You can also set the property to an empty string (my.property: ""), which effectively disables the property the operator would write out normally.
In case of a .properties file, this will show up as my.property= in the .properties file.
Environment variable overrides
For a role or role group, at the same level of config, you can specify envOverrides for any environment variable.

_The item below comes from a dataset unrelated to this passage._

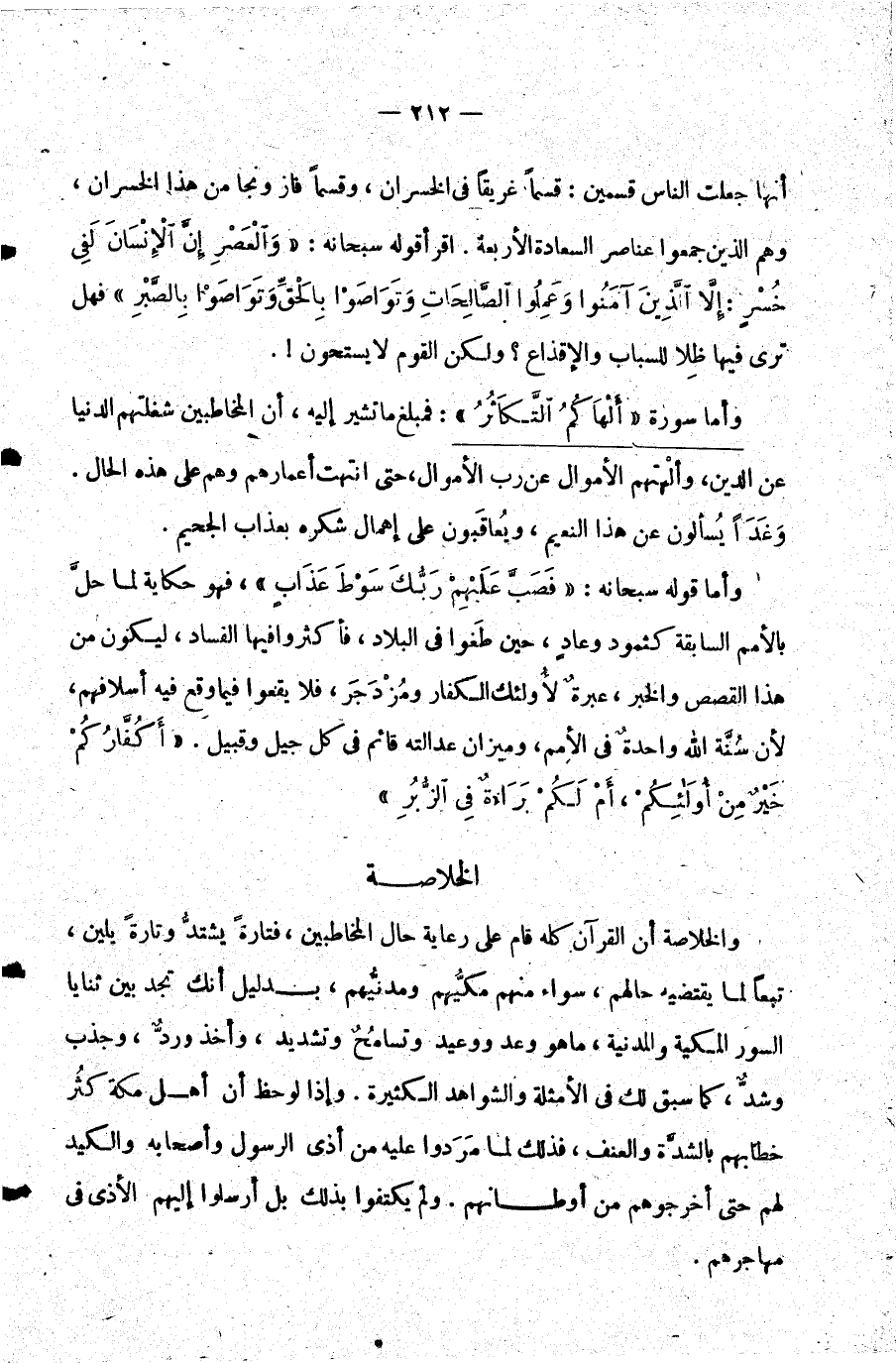 أنها جعلت الناس قسمين: قسما غريقا في الخسران وقسما فاز ونجا من هذا الخسران وهم الذين جمعوا عناصر السعادة الأربعة. اقرأ قوله سبحانه: {وَالْعَصْرِ إِنَّ الْأِنْسَانَ لَفِي خُسْرٍ: إِلَّا الَّذِينَ آمَنُوا وَعَمِلُوا الصَّالِحَاتِ وَتَوَاصَوْا بِالْحَقِّ وَتَوَاصَوْا بِالصَّبْرِ} فهل ترى فيها ظلا للسباب والإقذاع؟ ولكن القوم لا يستحون.
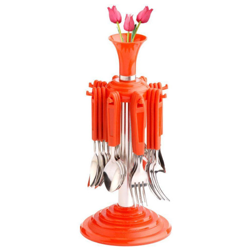 Kitchen Cutlery Serving Set with Revolving Stand Made from Stainless Steel & ABS Plastic (24 Pcs)

An example for an HDFS cluster looks as follows:
apiVersion: hdfs.stackable.tech/v1alpha1
kind: HdfsCluster
metadata:
name: simple-hdfs
spec:
nameNodes:
config:
...
envOverrides: (1)
MY_ENV_VAR: "MY_VALUE"
roleGroups:
default:
config:
...
envOverrides: (2)
MY_ENV_VAR: "MY_VALUE"
replicas: 1
...| 1 | envOverrides at role level. |
| 2 | envOverrides on role group level, takes precedence over the overrides specified at role level. |
You can set any environment variable, but every Stacklet supports a different set of environment variables, these are documented in the product documentation. All override property values must be strings.
Pod overrides
For a role or role group, at the same level of config, you can specify podOverrides for any of the attributes you can configure on a Pod.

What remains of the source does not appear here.